1 pound carrots, cut into 1/4-inch slices
1 pound parsnips, cut into 1/4-inch slices
4-1/2 teaspoons butter
1/4 cup plus 2 tablespoons reduced-calorie pancake syrup
1/4 cup orange juice
2 teaspoons grated orange zest
1/2 teaspoon salt
1 teaspoon minced fresh parsley

Steps:

  • In a large skillet, cook and stir carrots and parsnips over medium heat in butter for 5 minutes. Combine the pancake syrup, orange juice, orange zest and salt; pour over carrot mixture. Cook over medium-high heat until mixture comes to a boil. Cover and cook for 6-7 minutes or until vegetables are crisp-tender. , Uncover; cook 1-2 minutes longer or until vegetables are tender and syrup mixture thickens and coats vegetables. Sprinkle with parsley.

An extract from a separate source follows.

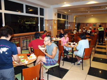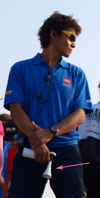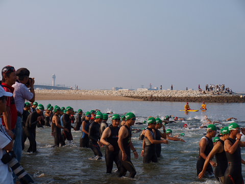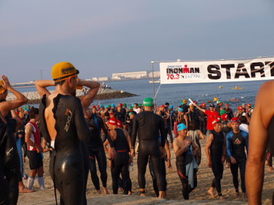 午前4時起床です!前夜寝たのは0時過ぎ。4時間弱の短めの睡眠でした。深〜い眠りから目を覚まします。 前回書き忘れましたが、JTBでの宿泊を手配した場合は大会当日の朝食サービスがあり、午前3時30分から食べることができます。 用意されていた食事は、おにぎりやパン、マカロニたっぷりのサラダや、ふかしイモなど(他にもなぜか冷しゃぶもありました)。 もちろんバイキングですので、好きなだけ食べられてとってもありがたいです。 食事の後、午前5時すぎ(一番早いバス)に、4人そろってホテル前からバスに乗りスタート地点の近くまで移動。(※応援者はあとでゆっくり無料シャトルバスで会場入りできます) バスを降りてからトランジッションエリアまでは少し距離があり、5分ちょっと歩くことになります。 ![]() トランジッションエリアに到着すると、まだ人はまばらな状態。 でもトランジッションエリア内にはバイクが整然と並べられており、これからレースが始まるぞ!という独特の空気感です。 海を見ると波はあまりありません。 スタート地点から海を見ると、左に空港へ続く大きな橋があります。ランの後半で渡る橋です。 ここで、「必ずこの橋を渡り切る!」と心に誓い深呼吸。一人で少しムードを演出してみました(笑) 自分のバイクのところに戻り、シューズやタオルなどをセッティング。 タイヤにも空気を入れます。今回のコースは路面が悪いことから、いつもより少し高めにしました。 【補足説明・・・前田】Nさんからのアドバイスだと悪路の場合はタイヤの空気圧は低めにセッティングしたほうが良いそうですまたボトルはエアロボトルを含めてトリプルで用意。 2つは水。残りの1つはエネルギージェル入りです。これにはザバスのピットインを4つ入れ、更に塩も入れ(3〜4g)、水を足しました。 したがって、結構、甘くてしょっぱい液体。 決して美味しくありません・・・。 でも練習中に色々試した結果、固形物が苦手な私は、この方法でエネルギーやミネラルを補給するのが適していると感じ用意しました。 今年は練習時も30℃を超える暑い日が多くありました。 100kmをバイクで走った場合には、私はトリプルボトルでも自宅に戻って体重を計ると2kg近く減少します。 脱水予防のために沢山の水を飲んでも低ナトリウム血症になる可能性もあるそうで、水分だけでなくミネラル補給も重要だと感じました。 軽いアップの後、更にエネルギーゼリーを1つと前日空港で買っておいたオハギを食べました。 ![]() そして更にここでも500ccくらいの約1%の食塩水を飲みます。これも暑さ対策で、練習で試し調子が良かったため実践しました。 その後、ウエットスーツを着て海へ。 海に入ると、北海道の冷たい水に慣れていることもあり、拍子抜けするくらいのぬるさです・・・。 大会側発表の水温は24.5℃でした。したがってスロットを目指している人でもウエットスーツは着用可です。 私はスロットなど全く関係がないですが、当然、ウエットスーツは着ますので、スイム中にそうとう汗をかくことを覚悟します。 試泳開始の時点で、試泳の残り時間はあと10分くらい。少し急いで最も沖にいる人のところまで泳ぎます。 泳いでみると水の透明度はあまり高くなく、比較的浅いところでも海底は全く見えません。 でも前を泳いでいる人の足は確認できました。 東川で前の人が全く見えない状態を経験していますので、足が見えるだけでも安心感があります。 泳いでみても、やはりコースは分かりにくい印象。 目印のためにヨットが停泊しており、ポールに吹き流しが付いていますが、吹き流しが凄く小さくて見えにくかったです。 やや不安も感じましたが、周りと一緒に泳げば良いと前向きに考えることに。 でもこれが後々甘かったと思い知るのですが・・・ 『スイム編』 今回は5グループに分けたウエーブでのスタート。 ![]() 第1ウエーブがエリートおよびエイジ34才以下、第2ウエーブがエイジ35−39才、第3ウエーブが40−44才、第4ウエーブが45-49才、第5ウエーブ50才以上です。 第1ウエーブが7時30分にスタート。その後、5分ごとにスタートとなります。 したがって38才の私は第2ウエーブで7時35分のスタートでした。 試泳を終えて陸にあがりスタートを待っているとMAEさんやヒロコさんが私を見つけて話しかけてきてくれました。 去年参加した長崎は、フローティングでのスタートでしたので、陸からのスタートはまた違った雰囲気です。 話をしながら、まったりと待つのも何か心地よい時間でした。 その後、ウエーブごとに纏められ、スタートを待っていましたが、隣の人が私にコースについて尋ねてきます。 自信がない中、私なりに「まずあのヨットを目指し、その横のブイを右で、その後は更に右に向かってあのヨットを目指すはず・・・」などと 説明。 その後、周りの人たちも加わり、それぞれの考えを話します。 でも皆、やや認識が違っているようで、やはり自信がない様子。 その中で「と

Nutrition Facts : Calories 144 calories, Fat 3g fat (2g saturated fat), Cholesterol 8mg cholesterol, Sodium 279mg sodium, Carbohydrate 29g carbohydrate (0 sugars, Fiber 4g fiber), Protein 2g protein. Diabetic Exchanges

Tips:

  • Choose fresh, tender carrots and parsnips. Look for carrots that are bright orange and smooth, without any blemishes. Parsnips should be firm and white, with no signs of wilting.
  • Peel and cut the carrots and parsnips into uniform pieces. This will help them cook evenly.
  • Toss the carrots and parsnips with olive oil, salt, and pepper. This will help them to brown and caramelize in the oven.
  • Roast the carrots and parsnips at a high temperature until they are tender and slightly browned. This will take about 20-25 minutes.
  • Make the glaze while the carrots and parsnips are roasting. This will give it time to thicken and develop flavor.
  • Brush the glaze over the carrots and parsnips before serving. This will give them a sweet and shiny coating.
  • Garnish the carrots and parsnips with chopped chives before serving. This will add a pop of color and freshness.

Conclusion:

Glazed carrots and parsnips with chives are a delicious and easy-to-make side dish that is perfect for any occasion. They are roasted until tender and caramelized, then coated in a sweet and flavorful glaze. The chives add a pop of color and freshness. This dish is sure to please everyone at your table.